### Exercise details
Your task is to give the listing below back word for word, pictures excluded.
══════
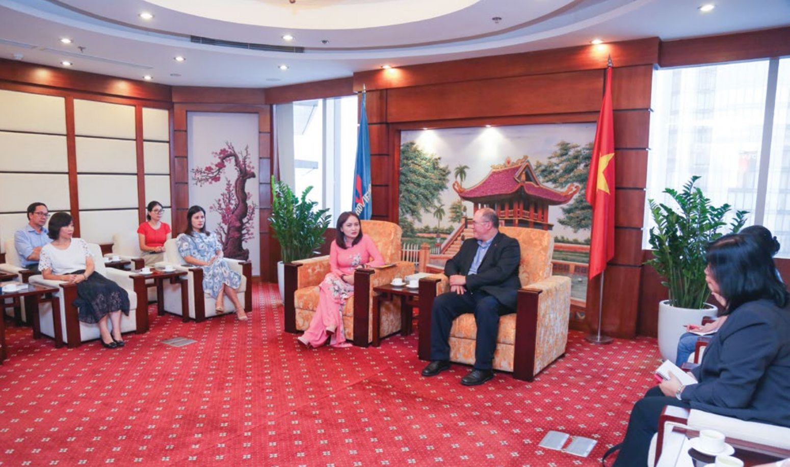
Toàn cảnh buổi tọa đàm
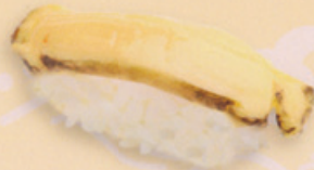
38 Awabi 鮑 market price
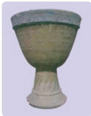
تمبک زورخانه (نمونه قدیم)
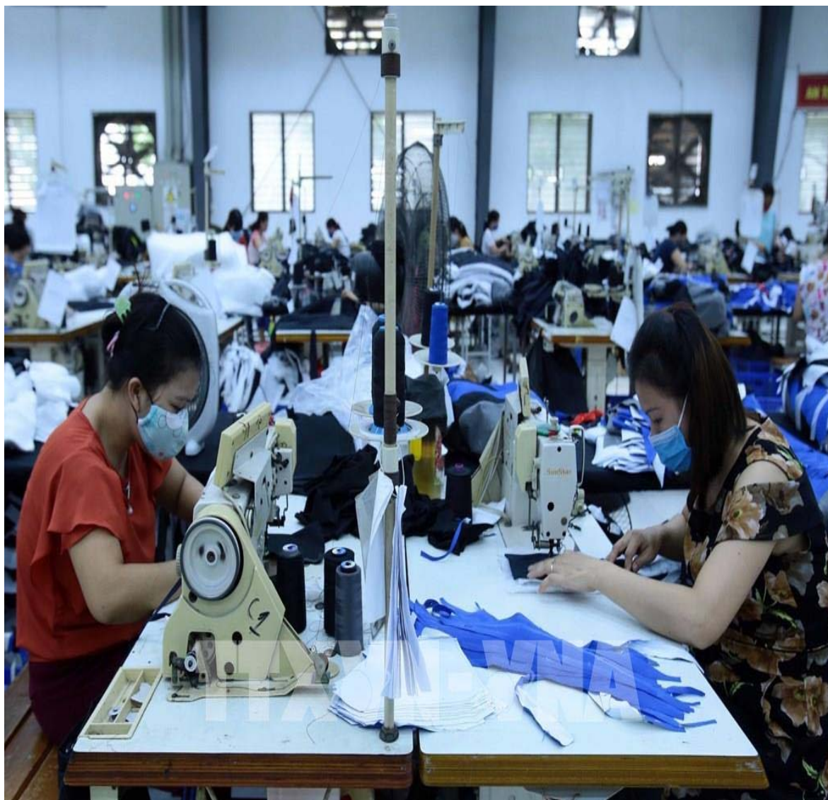
Hình ảnh số 04: Sản xuất sản phẩm may mặc tại Công ty TNHH may Kydo (Khu Công nghiệp Phố nổi A, tỉnh Hưng Yên)

Nguồn: Mai Ngoan (2020), Hưng Yên coi trọng nông nghiệp công nghệ cao , https://bnews.vn/hung-yen-coi-trong-nong-nghiep-cong-nghe-cao/175657.html#modal-media-image-160642 , [truy cập ngày 15/12/2025].
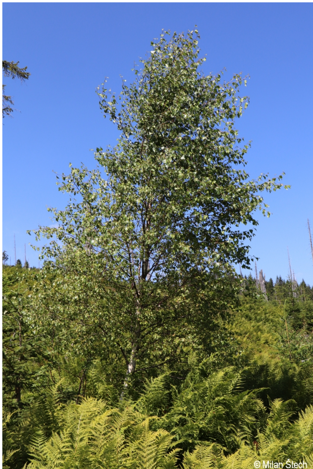
Betula pendula – Milan Štech – Třístoličník.
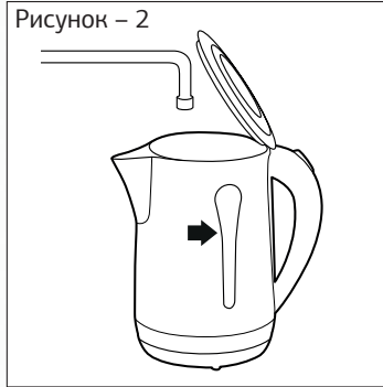
Рисунок – 2

— Наполните чайник холодной водой, следите за метками.
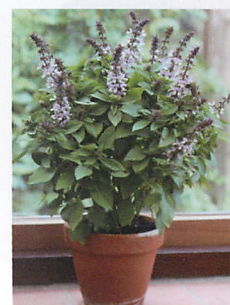
フローラルスピアー ラベンダー
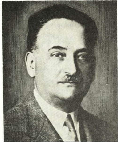
ΕΜΜΑΝΟΥΗΛ ΤΣΟΥΔΕΡΟΣ Διοικητής ( 1931 - 1939 )
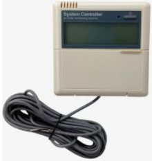
Kontroler SR81 450,00 PLN
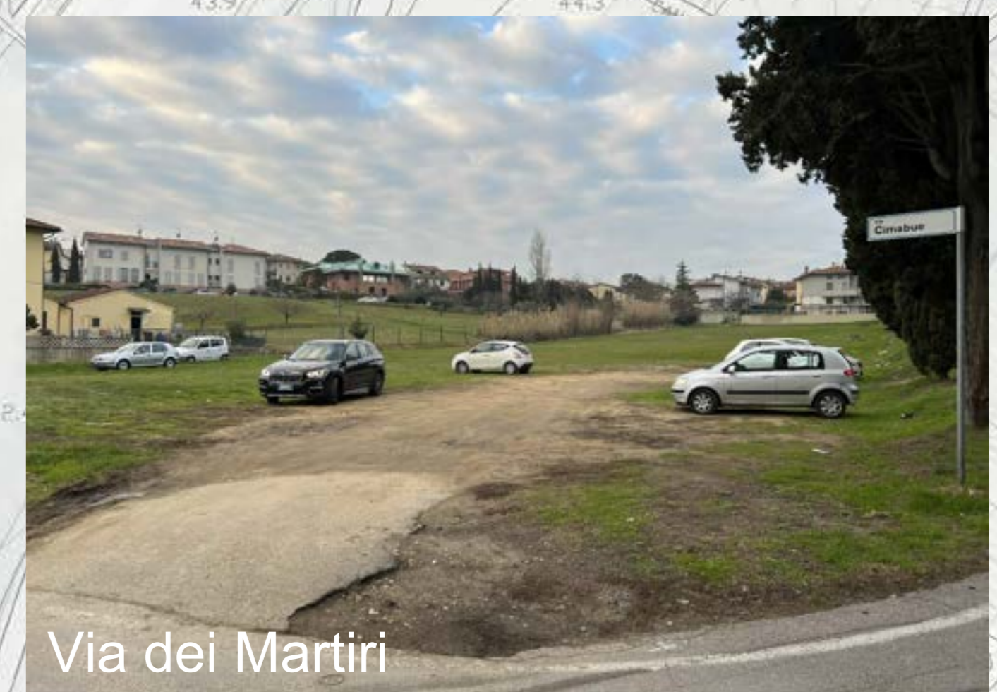
Via dei Martiri

Piazza della Libertà rappresenta lo spazio pubblico centrale del paese; essa è circondata dalle facciate della tipica edilizia dei primi decenni del '900. Purtroppo questa centralità ed i valori architettonici, che pure esistono, non sono percepiti per la presenza delle auto in sosta e per l'eterogeneità dei materiali e degli arredi visibili.
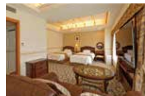
スイートベッドルーム
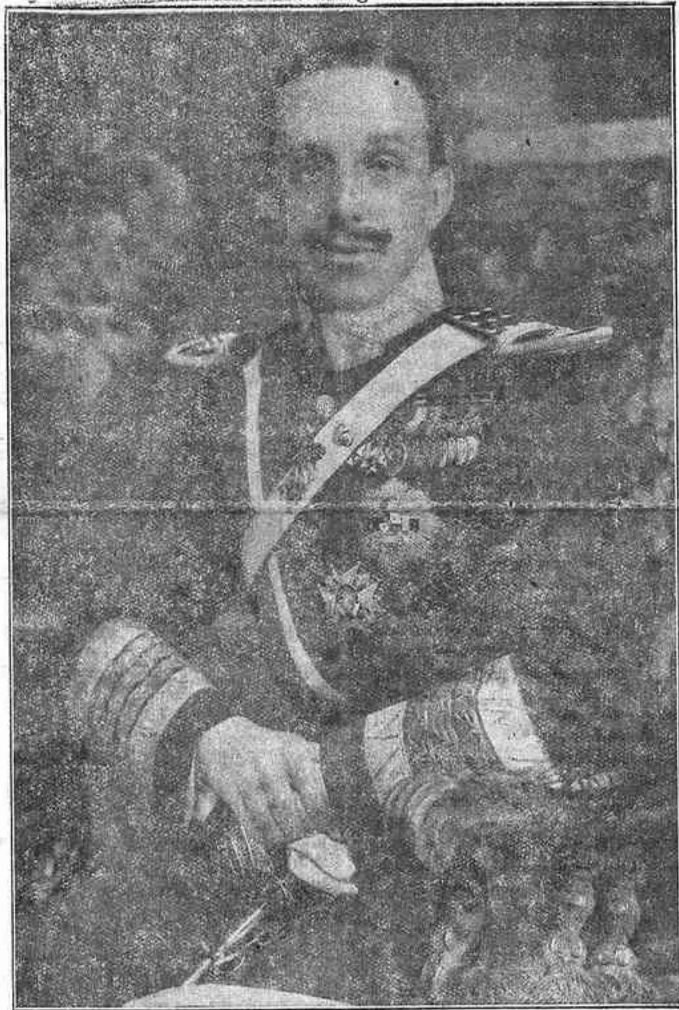
Nuestro popularísimo Monarca don Alfonso XIII, que hoy celebra su fiesta onomástica

Desde este españolísimo rincón de España—la noble tierra linférica—quiere hoy el cronista poner, una vez más, sus íntimas convicciones monárquicas en leal adhesión a nuestro popularísimo Monarca en el día de su Santo; que este es el momento propicio para que públicamente se adentren los españoles por las ideologías que más convienen a nuestra Patria, en oposición decidida y entusiasta a todo
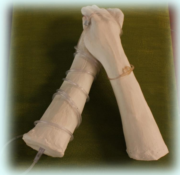
Ilustración 29. Cuadro del encierro
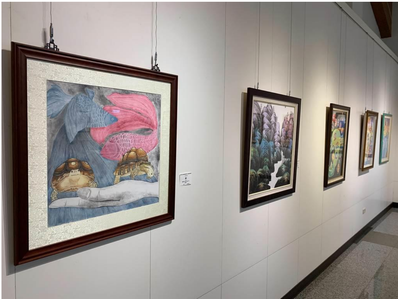
中港高中國中部美術班畢業展 16 日於港區藝術中心登場。
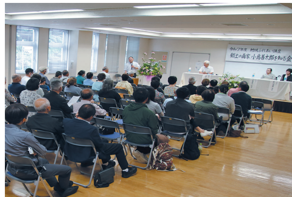
当日は多くの聴講者が来場
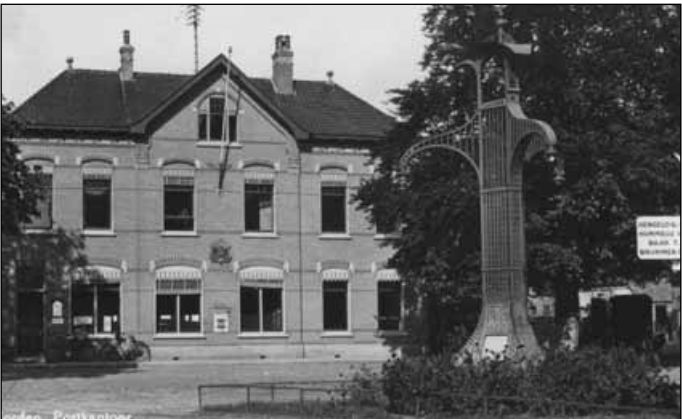
9. De Nieuwstad in Vorden omstreeks 1930 10. Het voormalige postkantoor aan de Nieuwstad, circa 1960
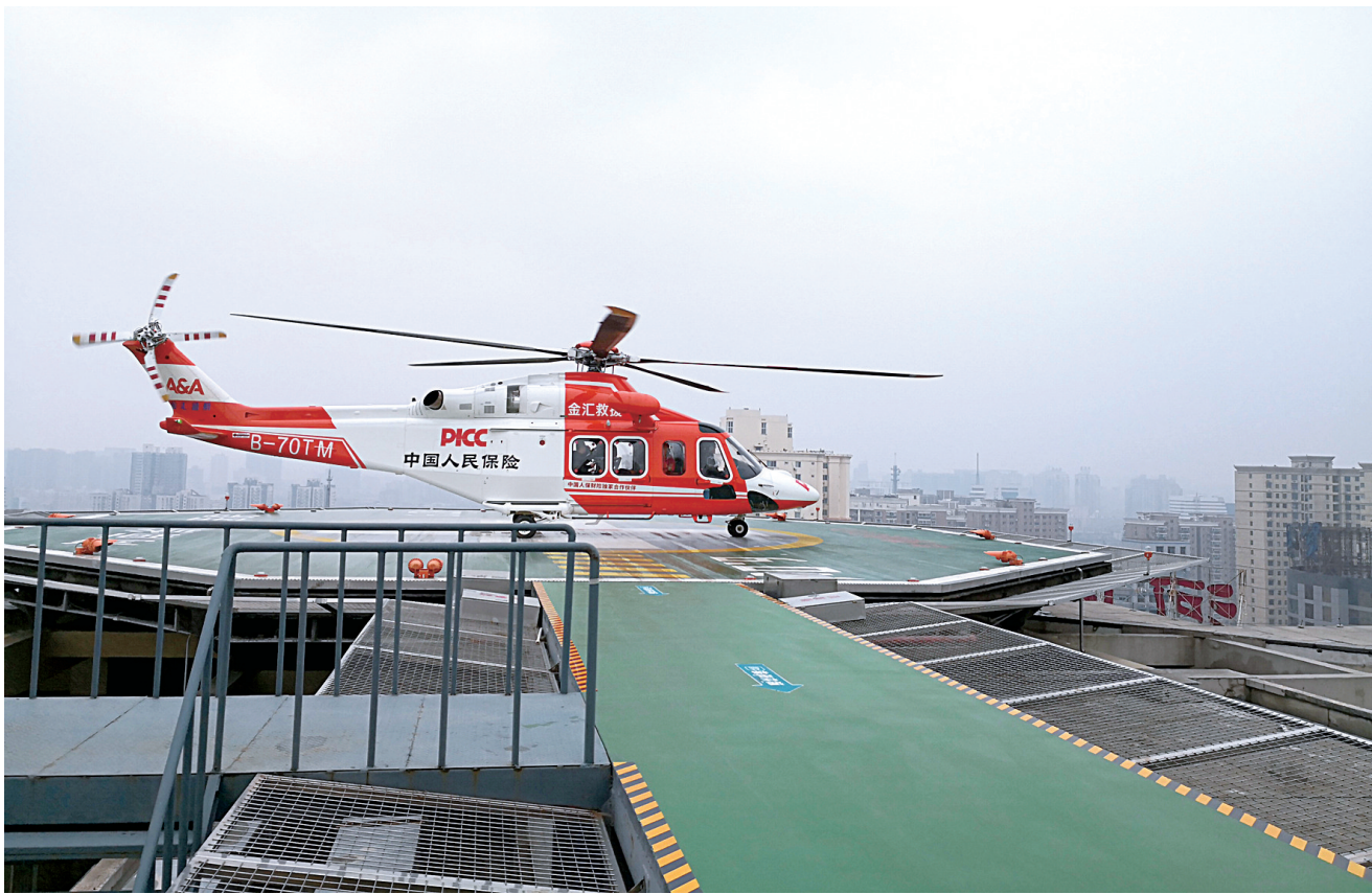
河南省人民医院楼顶停机坪停落的急救直升机
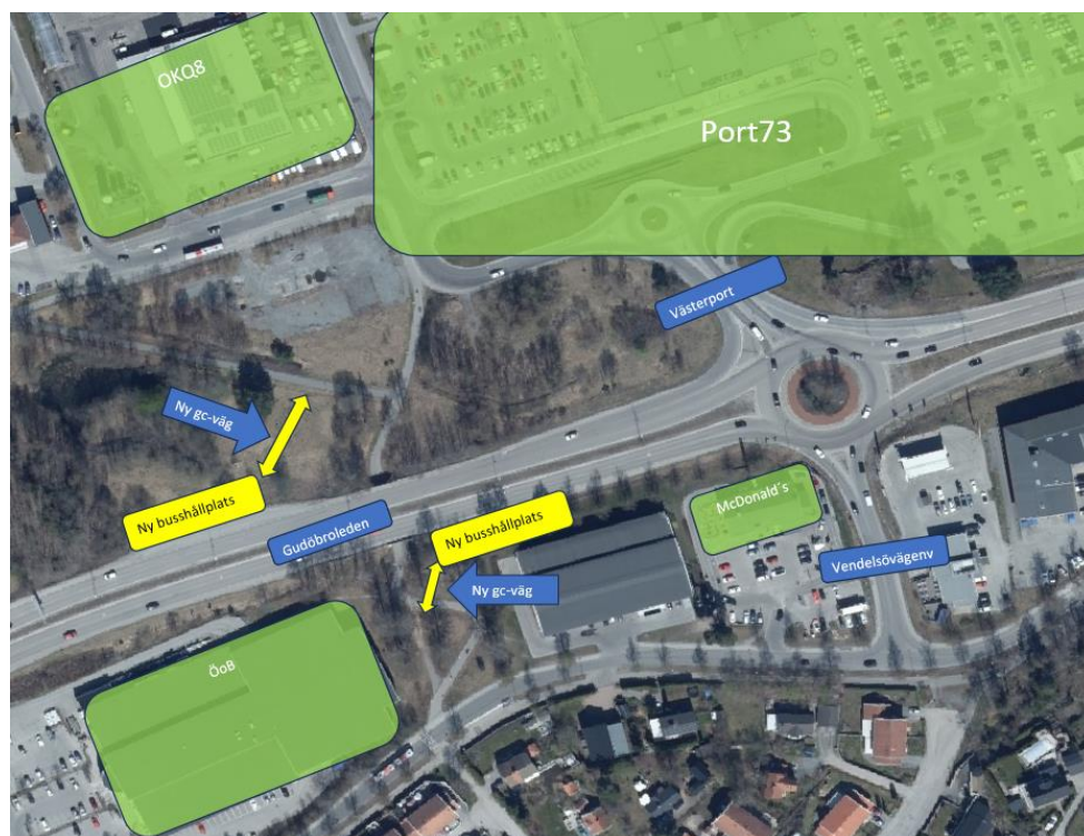
Figur 3 - Nya busshållplatser med anslutande gång- och cykelvägar.
══════
### Exercise result
Toàn cảnh buổi tọa đàm
38 Awabi 鮑 market price
تمبک زورخانه (نمونه قدیم)
Hình ảnh số 04: Sản xuất sản phẩm may mặc tại Công ty TNHH may Kydo (Khu Công nghiệp Phố nổi A, tỉnh Hưng Yên)

Nguồn: Mai Ngoan (2020), Hưng Yên coi trọng nông nghiệp công nghệ cao , https://bnews.vn/hung-yen-coi-trong-nong-nghiep-cong-nghe-cao/175657.html#modal-media-image-160642 , [truy cập ngày 15/12/2025].
Betula pendula – Milan Štech – Třístoličník.
Рисунок – 2

— Наполните чайник холодной водой, следите за метками.
フローラルスピアー ラベンダー
ΕΜΜΑΝΟΥΗΛ ΤΣΟΥΔΕΡΟΣ Διοικητής ( 1931 - 1939 )
Kontroler SR81 450,00 PLN
Via dei Martiri

Piazza della Libertà rappresenta lo spazio pubblico centrale del paese; essa è circondata dalle facciate della tipica edilizia dei primi decenni del '900. Purtroppo questa centralità ed i valori architettonici, che pure esistono, non sono percepiti per la presenza delle auto in sosta e per l'eterogeneità dei materiali e degli arredi visibili.
スイートベッドルーム
Nuestro popularísimo Monarca don Alfonso XIII, que hoy celebra su fiesta onomástica

Desde este españolísimo rincón de España—la noble tierra linférica—quiere hoy el cronista poner, una vez más, sus íntimas convicciones monárquicas en leal adhesión a nuestro popularísimo Monarca en el día de su Santo; que este es el momento propicio para que públicamente se adentren los españoles por las ideologías que más convienen a nuestra Patria, en oposición decidida y entusiasta a todo
Ilustración 29. Cuadro del encierro
中港高中國中部美術班畢業展 16 日於港區藝術中心登場。
当日は多くの聴講者が来場
9. De Nieuwstad in Vorden omstreeks 1930 10. Het voormalige postkantoor aan de Nieuwstad, circa 1960
河南省人民医院楼顶停机坪停落的急救直升机
Figur 3 - Nya busshållplatser med anslutande gång- och cykelvägar.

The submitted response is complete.